GasPrice is Ether to spend per unit of gas burned. Think of it like paying $4.50/gal for gas and needed 1.6 gal for the trip. A car doesn't burn dollars directly. It burns gas and the engine is indifferent to the price paid for that gas. Consumption depends on work. The cost depends on what you paid for the gas and how much gas was burned. The amount burned depends on work which, in the case of an Ethereum transaction, is the nature of the transaction signed and the code that will run on the shared distributed computer.
transaction fee (trip cost) = gas (work done) * gasPrice (bid).
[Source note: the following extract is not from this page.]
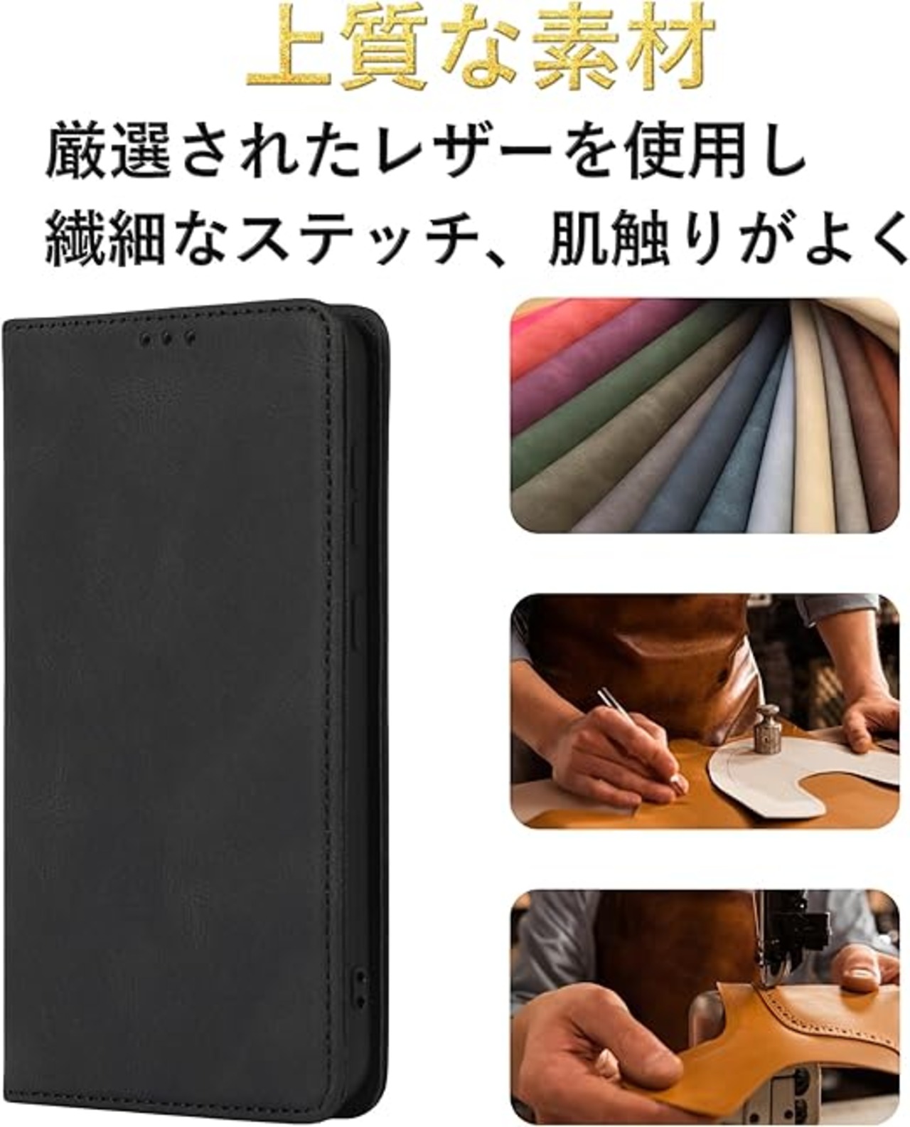 【マグネット式】このケースはマグネットを内蔵しており、面倒なマグネットクラスプを使用せず、開閉がとても簡単です、ミニマルデザイン、ファッションセンスを高めます。

gasPrice is an offer to the miners. Miners generally prioritize transactions that pay the highest gasPrice - effectively skimming the most lucrative transactions available in the pending transaction pool, to make a block filled with gas consumption at the highest rates offered. As such, a low-priced transaction will generally not make it into a full block and may take quite a while to confirm.
In summary, gasPrice is a bid for priority and by lowering the gasPrice you have lowered the priority. There is no theoretical limit on how long it could potentially take but based on your description of what you did (yellow), it will probably confirm eventually.
Hope it helps.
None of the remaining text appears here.